### Stored data

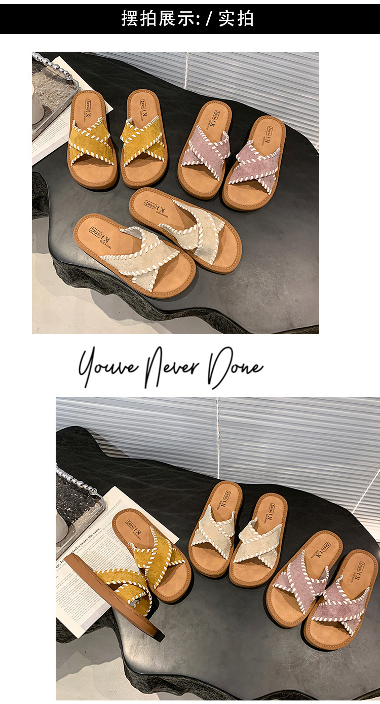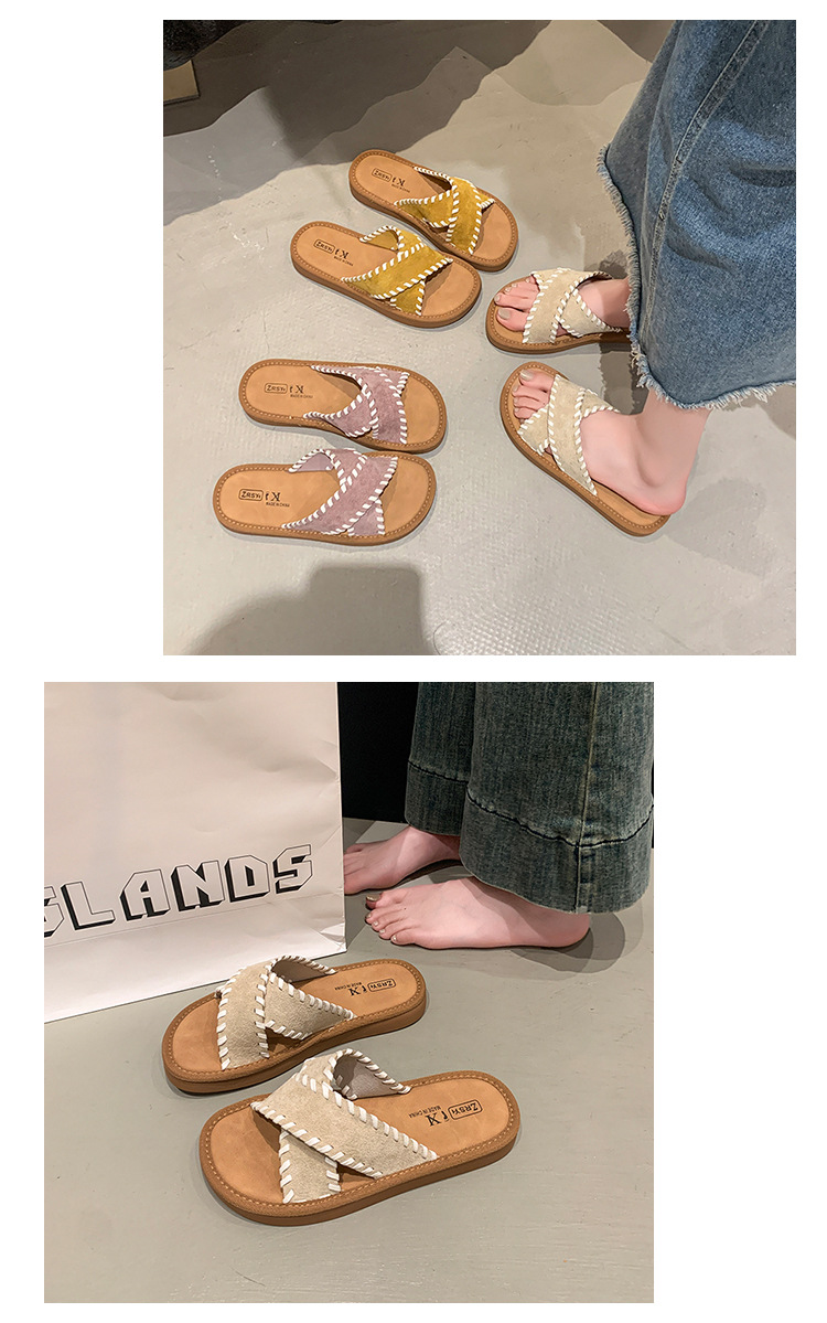 슬리퍼 2025 여름 신작 플랫 바닥 크로스 슬리퍼 여성 캐주얼 패션 다재다능한 외부 게으른 슬리퍼스토어 가기
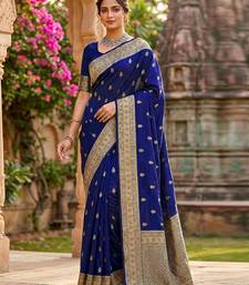 Navyblue jaquard silk woven zari work traditional saree with unstitch blouse
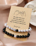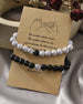FUNKTIONER Elegant Design: Armbåndssættet har en harmonisk kombination af hvide og matsorte stenperler, hvilket skaber en slående kontrast, der er både moderne og tidløs. Naturlige elementer: De hvide stenperler er lavet af natursten og tilbyder en unik tekstur og subtil marmorering, mens de matsorte sten tilføjer et slankt, underspillet touch....
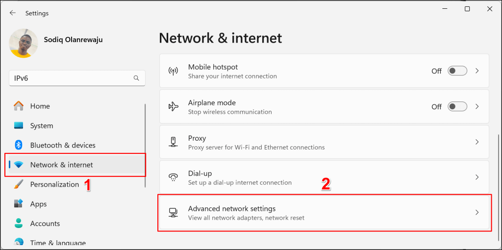 - * Go to Settings > Network & internet and select Advanced network settings.
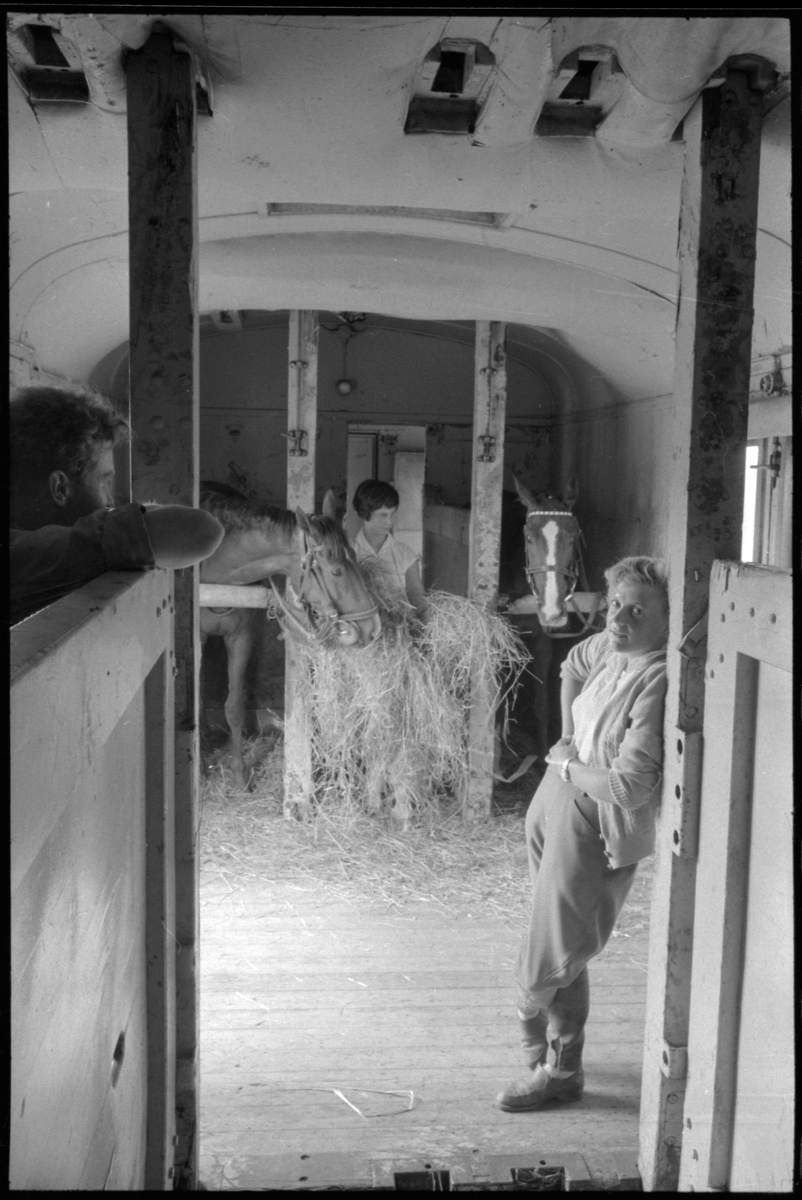 Djurtransport. Värdefulla hästar transporterades ofta i specialinredda vagnar tillsammans med deras vårdare.

######

# [Problem statement]
Retype the entries exactly, skipping every picture.

# [Result of the exercise]
 슬리퍼 2025 여름 신작 플랫 바닥 크로스 슬리퍼 여성 캐주얼 패션 다재다능한 외부 게으른 슬리퍼스토어 가기
 Navyblue jaquard silk woven zari work traditional saree with unstitch blouse
FUNKTIONER Elegant Design: Armbåndssættet har en harmonisk kombination af hvide og matsorte stenperler, hvilket skaber en slående kontrast, der er både moderne og tidløs. Naturlige elementer: De hvide stenperler er lavet af natursten og tilbyder en unik tekstur og subtil marmorering, mens de matsorte sten tilføjer et slankt, underspillet touch....
 - * Go to Settings > Network & internet and select Advanced network settings.
 Djurtransport. Värdefulla hästar transporterades ofta i specialinredda vagnar tillsammans med deras vårdare.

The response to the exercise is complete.